Saat itu, kedua barang tersebut sangat langka dan mahal, bahkan tergolong
barang rahasia negara. Andaikan bukan karena Karaeng Pattingalloang, maka tidak
mungkin kedua barang langka tersebut dikirim ke Somba Opu. Saingan Belanda kala
itu.
Saban
malam, bila berada di benteng Somba Opu, Karaeng Pattingalloang pun selalu
menggunakan teropong. Ia membayangkan suatu saat ada ilmuwan Tana Mangkasara
yang bisa mencapai bulan. Mungkin saja, sambil meneropong bulan dan
bintang-bintang, Karaeng Pattingalloang memekik, “Matturatema ri bulang.” (Saya
sudah sampai di bulan)
…
Siang
yang sangat terik. Macet di jalan Sultan Alauddin sungguh mencekik. Mahasiswa
yang berkampus di jalan poros Gowa-Makassar menutup jalan dengan kasar. Saya,
yang kebetulan melewati jalan itu selepas memberikan materi penulisan di kampus
Universitas (sultan) Hasanuddin, terperangkap dalam kemacetan panjang. Saya
memekik kepanasan, roda dua yang saya kendarai tak ber-AC. Saya yang memang
kurang sehat kala itu tak bisa bertahan, saya hampir pingsan. Saya pun
menepikan kendaraan dan mampir di sebuah masjid.
Saya
tertidur sejenak di dalam masjid. Dalam tidur saya bermimpi melihat Karaeng
Pattingalloang sedang asyik membaca buku di perpustakaan pribadinya, sesekali
ia memperhatikan atlas bumi yang berada di depannya. Keningnya mengerut,
mungkin ia berpikir mengapa yang tercatat dalam sejarah penemu Amerika adalah
Christopher Columbus, mengapa bukan orang-orang Celebes. Bukankah perahu-perahu
Pinisi dari Celebes sudah bisa mencapai Madagaskar atau Venecia, bahkan
terdampar di Pulau Acapulco jauh sebelum Columbus juga terdampar di pantai itu
lalu mengklaim diri sebagai penemu?
Karaeng
Pattingalloang berdiri sejenak. Ia memandangi buku-buku di perpustakaannya.. Sambil
tersenyum, Karaeng Pattingalloang berharap dalam hati, “Kelak anak-cucuku harus
banyak membaca dan meneliti, tana Mangkasara harus menjadi lokomotif ilmu
pengetahuan.”
Terlihat
Karaeng Pattingalloang memasang telinganya. Ia menuju jendela perpustakaannya.

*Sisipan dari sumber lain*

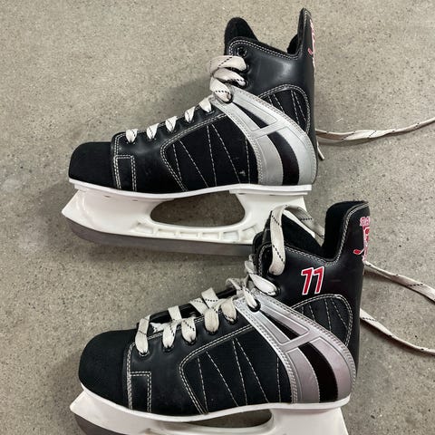 Skøytene er utformet for ishockey, med snøring for justering av passform og støttende ankelparti. Blad i metall med plastkappe rundt hæl og såle for stabilitet. Egnet til bruk på isbaner til trening eller fritidsbruk i ishockey.

Lalu ia mengambil teropongnya. Nampak nyata tana Mangkasara di pelupuk matanya.
Buku-buku di perpustakaan kampus tetap baru tapi berdebu karena jarang
tersentuh. “Dimana mahasiswa?” Batinnya sambil mengarahkan dan menge-zoom
teropongnya ke arah jalan Sultan Alauddin. Mahasiswa membakar dan
berteriak-teriak histeris sambil menutup jalan. Karaeng Pattingalloang pun
memekik, “Quo Vadis mahasiswa Makassar?”